Problem requirements – When you copy the records that follow, please keep every word exactly as it is and leave out the pictures.

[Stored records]
BEGIN
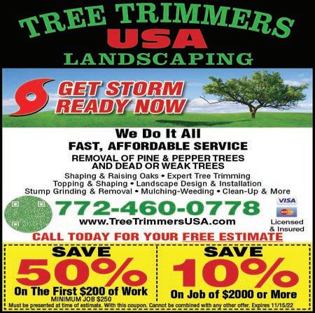 44 VOL. 552 B Copyrighted© My Living Media. 2022 All Rights reserved. To Advertise call 772-247-6849 METAL ROOFS just got MORE AFFORDABLE! • METAL ROOFING • TILE ROOFING • SHINGLE ROOFING Financing Available Satisfaction Guaranteed! Call Today (772) 291-1427 Lic. No. CCC1327906 FREE ESTIMATES $500 OFF Call Today! ANY ROOF REPLACEMENT Must present coupon at time of estimate for discount. Exp. 11/11/22 Make Your Shower & Floors Look New Again! THE GROUTSMITH • Tile & Grout Cleaning • Grout Restoration • Tile & Grout Repair • Loose & Hollow Tile Rebonding • Shower Repairs & Regrouting • Non-Slip Tile Treatment Call today for a FREE Estimate • 772-224-3011 or 1-800-561-3736 • www.GroutsmithStuart.com SEE THE DIFFERENCE WE CAN MAKE IN THE LOOK OF YOUR HOME! Your Grout & Tile Cleaning Experts $30OFF ANY JOB OF $300 OR MORE $50OFF ANY JOB OF $500 OR MORE With this MLM coupon only. Cannot be combined with any other offers or specials. Expires 11/11/22 No More Dirty Grout! Guaranteed for 10 Years! Before Before After After With this MLM coupon only. Cannot be combined with any other offers or specials. Expires 11/11/22 772-224-7347 FREE ESTIMATES 10% OFF With this MLM Coupon at time of estimate. Expires 11/11/22 NOW ACCEPTING ALL CREDIT CARDS Ramos TREE SERVICE ✔ Tree Removal ✔ Tree Trimming ✔ Tree Topping ✔ Hedge Trimming and More! YOUR LOCAL TREE TRIMMING EXPERTS! INSUREDLICENSED Best Rates In Town! QUALITY SERVICE YOU CAN TRUST GET THOSE TREES CUT FOR HURRICANE SEASON!
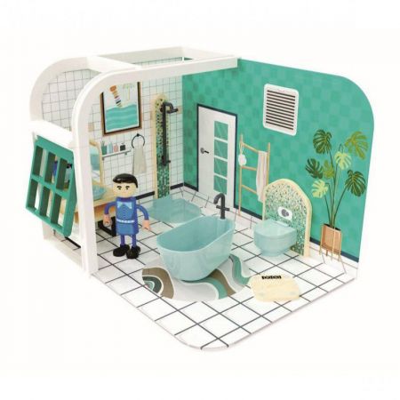 Hrací set Koupelna Sestavte si svůj vlastní domeček snů! Krásný nábytek s doplňky vdechující životu zábavu.Tento Jouéco hrací set - koupelna - byl navržen v souladu s nejvyššími standardy kvality. Nabízí neobvyklou kombinaci vysoce kvalitního dřeva, plastu a lepenky.- příslušenství: vana, WC, sprchový kout, umyvadlo s poličkou a zrcadlem, váha, otevírací okno, pohyblivý panáček- krásný interiérový design- rozměr: 25cm x 18cm x 18cm - skvělé jako dárek- dokoupením dalších místností můžete sestavit celý dům: nabídka Jouéco zahrnuje také obývací pokoj, kuchyň a ložnici- vhodné pro děti od 36 měsíců
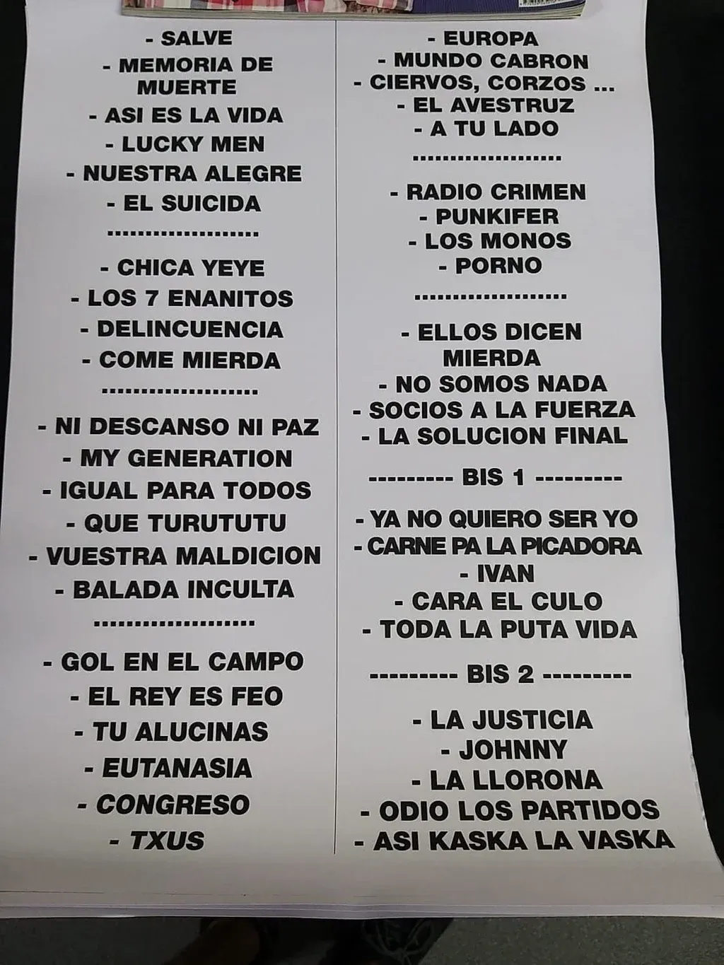 Llega Así es la vida, La chica Ye Ye, Delincuencia, Los 7 enanitos, Come mierda, Txus. La gente goza, baila, empuja, deja todo. Suena Iván, Toda la puta vida igual, suena Johnny.
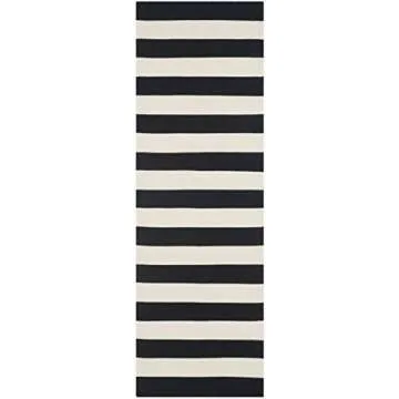 SAFAVIEH Montauk Collection Runner Rug - 2'3" x 7', Black & Ivory, Handmade Flat Weave Boho Farmhouse Cotton Stripe, Ideal for High Traffic Areas in Living Room, Bedroom (MTK712D)
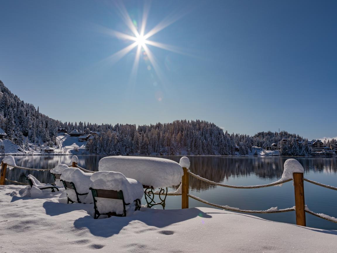 Wallpaper Bright winter sun over a lake with snowy shores
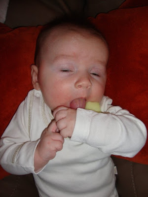 Jo ennen 5 kuukautis päivää oltiin kokeiltu jo sormiruokailuakin. Se tietysti oli aluksi pelkän maun saamista suuhun. Kokeiltiin mm omenaa, päärynää ja kurkkua. Ensimmäiset hampaatkin tulivat vasta yhdeksän kuisena, joten se oli pitkään pelkkää imemistä, mutta silti mieluisaa puuhaa.
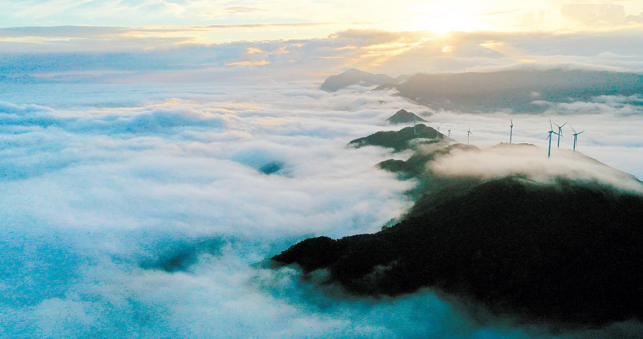 臺山風(fēng)車山出現(xiàn)壯美云海奇觀。
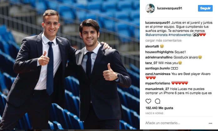 Lucas Vázquez, jugador y amigo con el que ha vivido grandes momentos el bueno de Álvaro Morata así se ha despedido del delantero español: "Juntos en el juvenil y juntos en el primer equipo. Sigue cumpliendo tus sueños amigo. Te echaremos de menos".
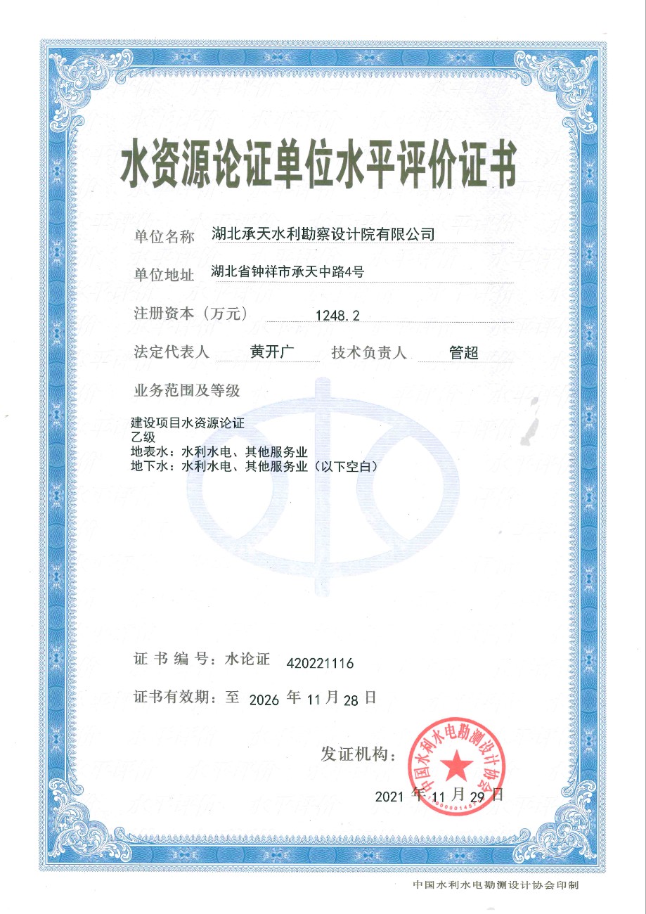 水资源论证单位水平评价证书
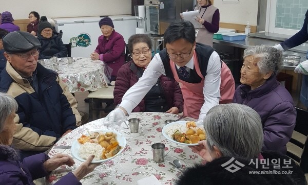 이날 이 의원은 경로식당을 찾은 노인들의 편안한 점심식사를 위해 음식 배식, 퇴식 및 잔반 처리, 식기 반납, 식탁 정리 등의 식사도우미 역할을 1시간여 동안 수행했다.
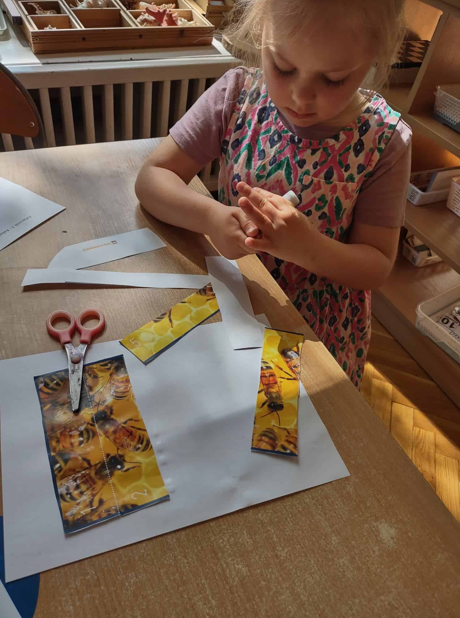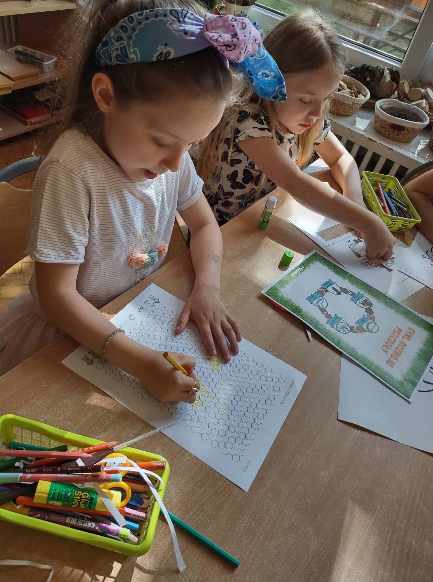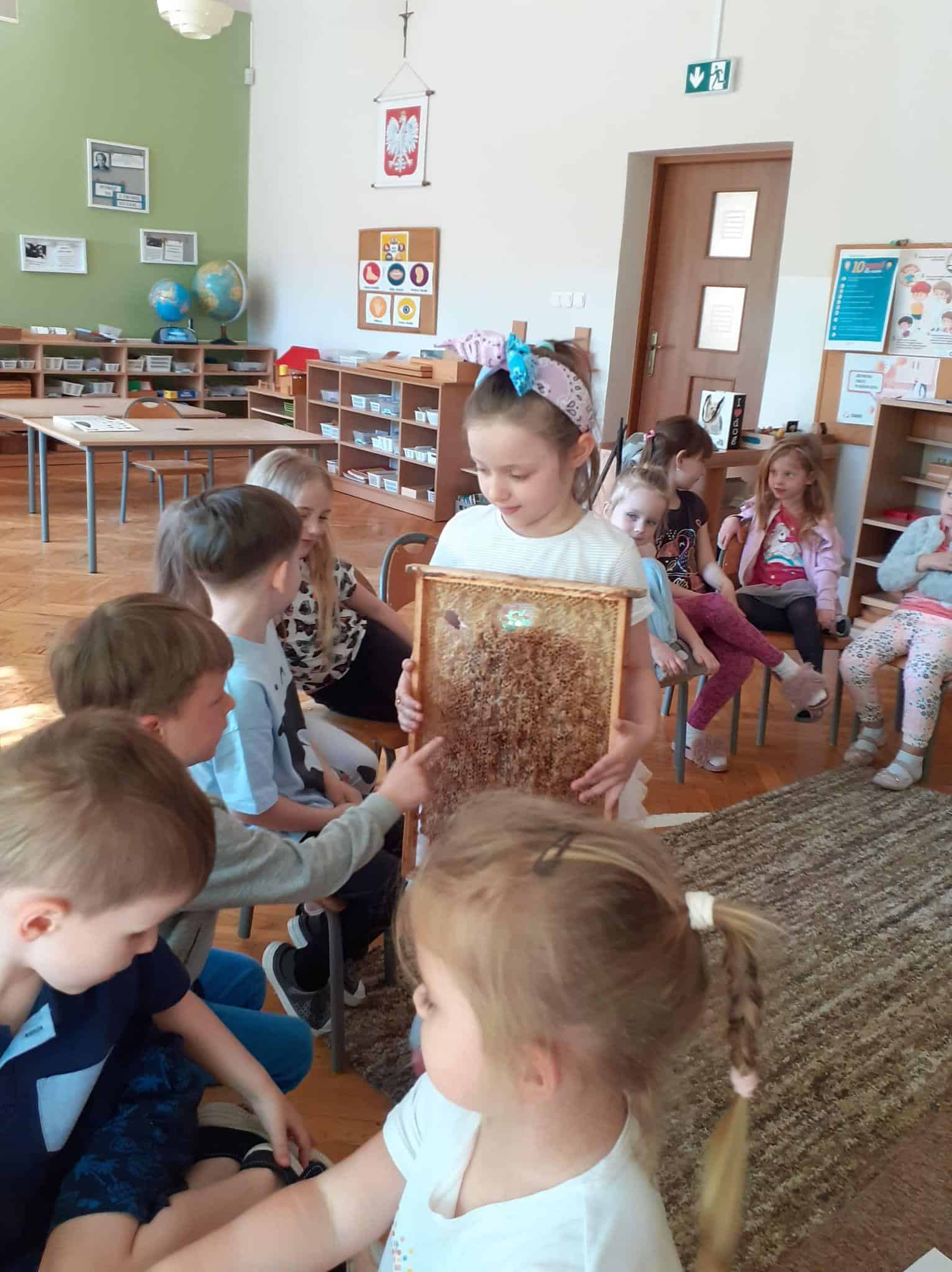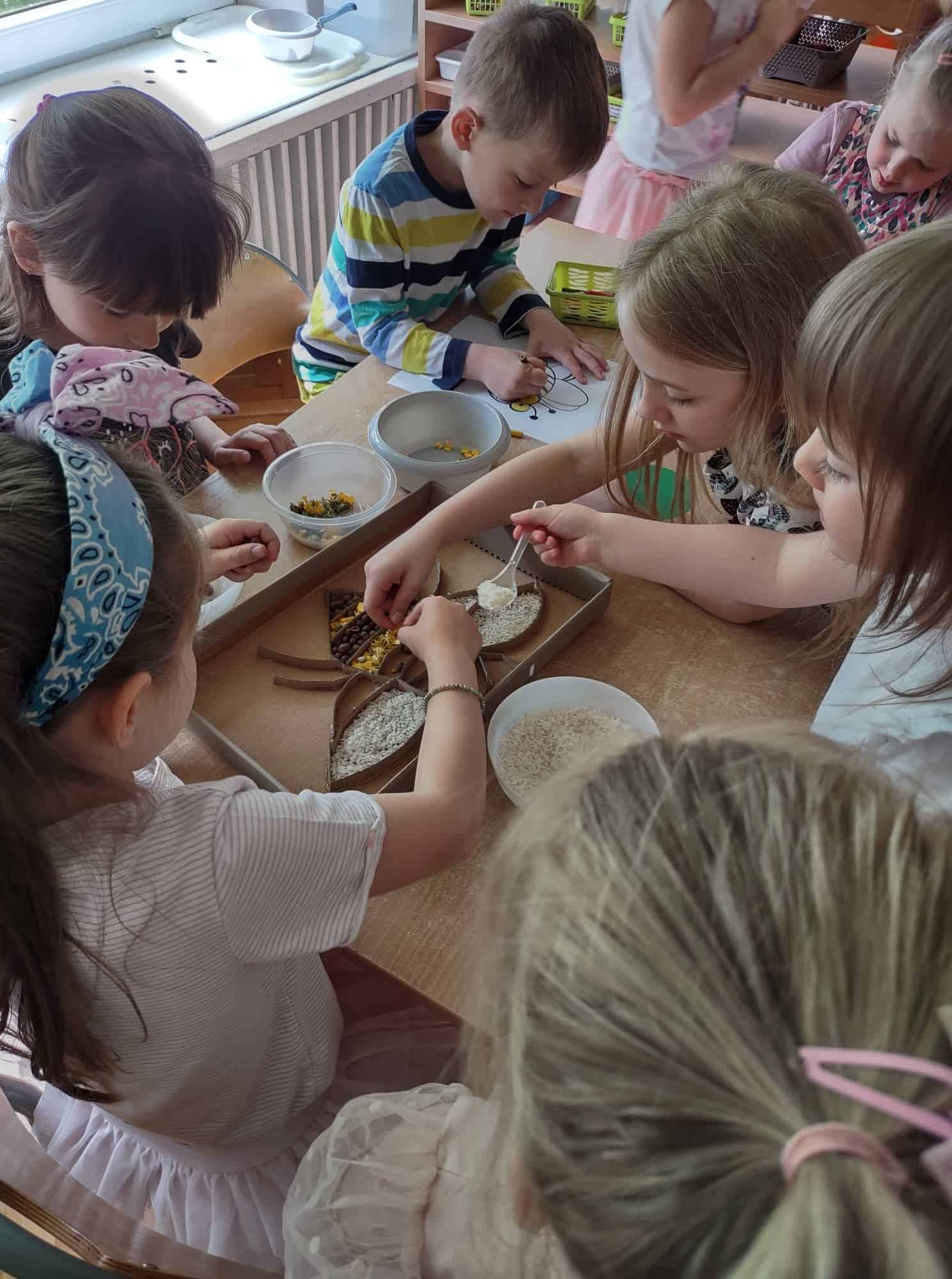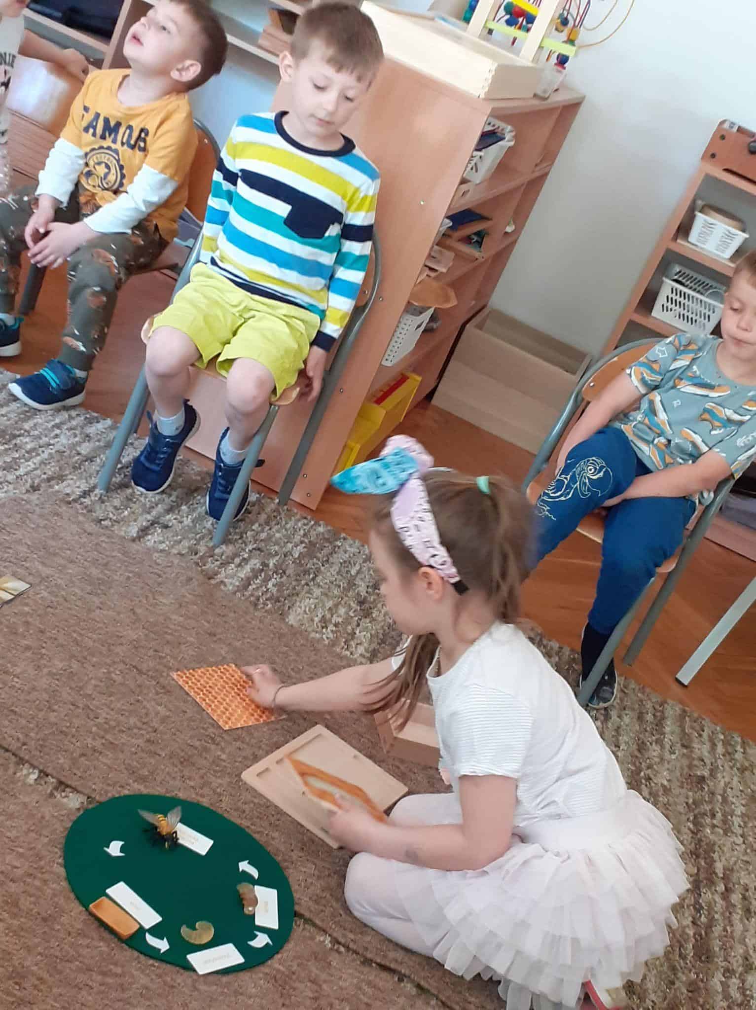20 maja przypada Światowy Dzień Pszczół. Z tej okazji dzieci z Grupy Zielonej aktywnie włączyły się w działania, których celem było budzenie świadomości na temat pożyteczności pszczół, pokonywanie strachu przed tymi owadami, ale również pomoc pszczołom w ich przetrwaniu. Podążając za myślą Alberta Einsteina, że: “jeśli z Ziemi zniknie pszczoła, człowiekowi pozostaną tylko cztery lata życia; nie ma więcej pszczół, nie ma więcej zapylania, nie ma więcej roślin, nie ma więcej zwierząt, nie ma więcej ludzi…” dlatego ważne jest, aby rolę i znaczenie tych owadów poznawać już od najmłodszych lat. Przedszkolaki dowiedziały się, jakie znaczenie ma praca pszczół dla świata przyrody, poznały cykl rozwojowy pszczoły, rozmawialiśmy na temat pracy pszczelarza – poznaliśmy narzędzia jego pracy oraz strój, którym musi zabezpieczyć się podczas wykonywania swoich zajęć. Dzięki filmowi edukacyjnemu „Życie pszczół” przedszkolaki obserwowały życie toczące się na łące. Zabawy ruchowe, zagadki, puzzle, działania matematyczne i językowe podkreśliły atrakcyjność zajęć. Podsumowaniem naszych działań było stworzenie pięknej, sensorycznej pszczoły 🙂 Efekty naszej pracy w poniższej fotorelacji 🙂
END
Exercise answer –
 44 VOL. 552 B Copyrighted© My Living Media. 2022 All Rights reserved. To Advertise call 772-247-6849 METAL ROOFS just got MORE AFFORDABLE! • METAL ROOFING • TILE ROOFING • SHINGLE ROOFING Financing Available Satisfaction Guaranteed! Call Today (772) 291-1427 Lic. No. CCC1327906 FREE ESTIMATES $500 OFF Call Today! ANY ROOF REPLACEMENT Must present coupon at time of estimate for discount. Exp. 11/11/22 Make Your Shower & Floors Look New Again! THE GROUTSMITH • Tile & Grout Cleaning • Grout Restoration • Tile & Grout Repair • Loose & Hollow Tile Rebonding • Shower Repairs & Regrouting • Non-Slip Tile Treatment Call today for a FREE Estimate • 772-224-3011 or 1-800-561-3736 • www.GroutsmithStuart.com SEE THE DIFFERENCE WE CAN MAKE IN THE LOOK OF YOUR HOME! Your Grout & Tile Cleaning Experts $30OFF ANY JOB OF $300 OR MORE $50OFF ANY JOB OF $500 OR MORE With this MLM coupon only. Cannot be combined with any other offers or specials. Expires 11/11/22 No More Dirty Grout! Guaranteed for 10 Years! Before Before After After With this MLM coupon only. Cannot be combined with any other offers or specials. Expires 11/11/22 772-224-7347 FREE ESTIMATES 10% OFF With this MLM Coupon at time of estimate. Expires 11/11/22 NOW ACCEPTING ALL CREDIT CARDS Ramos TREE SERVICE ✔ Tree Removal ✔ Tree Trimming ✔ Tree Topping ✔ Hedge Trimming and More! YOUR LOCAL TREE TRIMMING EXPERTS! INSUREDLICENSED Best Rates In Town! QUALITY SERVICE YOU CAN TRUST GET THOSE TREES CUT FOR HURRICANE SEASON!
 Hrací set Koupelna Sestavte si svůj vlastní domeček snů! Krásný nábytek s doplňky vdechující životu zábavu.Tento Jouéco hrací set - koupelna - byl navržen v souladu s nejvyššími standardy kvality. Nabízí neobvyklou kombinaci vysoce kvalitního dřeva, plastu a lepenky.- příslušenství: vana, WC, sprchový kout, umyvadlo s poličkou a zrcadlem, váha, otevírací okno, pohyblivý panáček- krásný interiérový design- rozměr: 25cm x 18cm x 18cm - skvělé jako dárek- dokoupením dalších místností můžete sestavit celý dům: nabídka Jouéco zahrnuje také obývací pokoj, kuchyň a ložnici- vhodné pro děti od 36 měsíců
 Llega Así es la vida, La chica Ye Ye, Delincuencia, Los 7 enanitos, Come mierda, Txus. La gente goza, baila, empuja, deja todo. Suena Iván, Toda la puta vida igual, suena Johnny.
 SAFAVIEH Montauk Collection Runner Rug - 2'3" x 7', Black & Ivory, Handmade Flat Weave Boho Farmhouse Cotton Stripe, Ideal for High Traffic Areas in Living Room, Bedroom (MTK712D)
 Wallpaper Bright winter sun over a lake with snowy shores
 Jo ennen 5 kuukautis päivää oltiin kokeiltu jo sormiruokailuakin. Se tietysti oli aluksi pelkän maun saamista suuhun. Kokeiltiin mm omenaa, päärynää ja kurkkua. Ensimmäiset hampaatkin tulivat vasta yhdeksän kuisena, joten se oli pitkään pelkkää imemistä, mutta silti mieluisaa puuhaa.
 臺山風(fēng)車山出現(xiàn)壯美云海奇觀。
 Lucas Vázquez, jugador y amigo con el que ha vivido grandes momentos el bueno de Álvaro Morata así se ha despedido del delantero español: "Juntos en el juvenil y juntos en el primer equipo. Sigue cumpliendo tus sueños amigo. Te echaremos de menos".
 水资源论证单位水平评价证书
 이날 이 의원은 경로식당을 찾은 노인들의 편안한 점심식사를 위해 음식 배식, 퇴식 및 잔반 처리, 식기 반납, 식탁 정리 등의 식사도우미 역할을 1시간여 동안 수행했다.
20 maja przypada Światowy Dzień Pszczół. Z tej okazji dzieci z Grupy Zielonej aktywnie włączyły się w działania, których celem było budzenie świadomości na temat pożyteczności pszczół, pokonywanie strachu przed tymi owadami, ale również pomoc pszczołom w ich przetrwaniu. Podążając za myślą Alberta Einsteina, że: “jeśli z Ziemi zniknie pszczoła, człowiekowi pozostaną tylko cztery lata życia; nie ma więcej pszczół, nie ma więcej zapylania, nie ma więcej roślin, nie ma więcej zwierząt, nie ma więcej ludzi…” dlatego ważne jest, aby rolę i znaczenie tych owadów poznawać już od najmłodszych lat. Przedszkolaki dowiedziały się, jakie znaczenie ma praca pszczół dla świata przyrody, poznały cykl rozwojowy pszczoły, rozmawialiśmy na temat pracy pszczelarza – poznaliśmy narzędzia jego pracy oraz strój, którym musi zabezpieczyć się podczas wykonywania swoich zajęć. Dzięki filmowi edukacyjnemu „Życie pszczół” przedszkolaki obserwowały życie toczące się na łące. Zabawy ruchowe, zagadki, puzzle, działania matematyczne i językowe podkreśliły atrakcyjność zajęć. Podsumowaniem naszych działań było stworzenie pięknej, sensorycznej pszczoły 🙂 Efekty naszej pracy w poniższej fotorelacji 🙂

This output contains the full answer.